Перед Домом горбун играет на скрипке, улыбаясь первым весенним лучам. С крыши капает, снег уже почти сошел, и деревья ярко-черные на солнце.
Юрек стоит рядом с Зосей. Она с интересом наблюдает за его действиями.
У него в руках маленький тазик для бритья, в нем кусочек мыла. Юрек кисточкой взбивает мыльную пену и, взяв в рот бумажную трубочку с широким краем, набирает в нее немного пены…
— Что ты делаешь, Юрек? — улыбаясь, спрашивает его Зося.
Небо над Низкими Бескидами было когда-то бездонно чистым, ангелы летали в невероятной вышине. А внизу, на зеленой земле, индейцы, уланы, наполеоновские офицеры и их маленькие дамы, стоя в высоких травах и цветах, со смехом выдували из трубочек огромные мыльные пузыри. Блестя на солнце радужной оболочкой, прозрачные невесомые шары — в знойном томительном безветрии — поднимались к небу — на встречу с ангелами родины…
Отрываясь от бумажной трубочки, поднимаются к светлому весеннему алтайскому небу радужные мыльные пузыри. Юрек и Зося глядят на них, задрав головы.
— Ах, холера! Мое французское мыло! — Седой официант в бешенстве смотрит вниз из окна второго этажа. — Мой бритвенный прибор! Стойте на месте, курва-мать! Сейчас я спущусь и оторву вам голову!
Он исчезает из окна. Горбун смеется. Юрек, схватив за руку Зосю, быстро увлекает ее в Дом.
Они пробегают через залу. Слышно, как, пыхтя и отдуваясь, спускается по лестнице толстый официант. Юрек, оглянувшись по сторонам, толкает дверь одной из комнат.
Они влетают в каморку Даниэля. Юрек закрывает за собой дверь и, улыбаясь, прислоняется к ней спиной.

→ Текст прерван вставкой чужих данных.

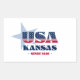 O adesivo do Kansas. Esta design captura o espírito da soberania do Kansas em 1861 com texto ousado e as cores vibrantes da bandeira americana.

И, глядя на Зосю, прикладывает палец к губам.
И тут он видит, что на стенах нет фотографий знаменитых боксеров. Нет и никаких вещей. Только на столе страница, вырванная из какого-то журнала, прислонена к стакану так, чтобы была видна сразу с порога.
Улыбка сходит с лица Юрека. Он берет страницу, рассматривает. Читает вполголоса то, что подчеркнуто:
— «Решительность — волевые качества боксера, заключающиеся в способности принимать в сложной обстановке целесообразные решения и неуклонно проводить их в действиях, связанных с трудностями и риском…»
А внизу написано крупно, красным карандашом: «Юрек! Не забывай бокс. Я ушел! Гитлеру конец»!
Открытый зеленый «Газ» едет по дороге вдоль одноколейки. Рядом с водителем в милицейской форме сидит Птичкин в своем кожаном пальто, с наганом и биноклем на груди. На заднем сиденье двое в пальто и шляпах.
Даниэль Михальский с рюкзаком за плечами упругим спортивным шагом шагает через тайгу по тропе. Впереди просвет в деревьях. Дорога выходит из тайги. Видна одноколейка. Даниэль направляется к ней. Сзади по рельсам его медленно догоняет паровозик, тянущий за собой недлинный хвост платформ со свежим лесом.
Навстречу — по дороге — едет зеленый «Газ».
— Ага! Это еще что за призрак? — Птичкин прикладывает к глазам бинокль. — Наш! Поляк! Как он здесь оказался, сволочь? Это сколько же отсюда до участка?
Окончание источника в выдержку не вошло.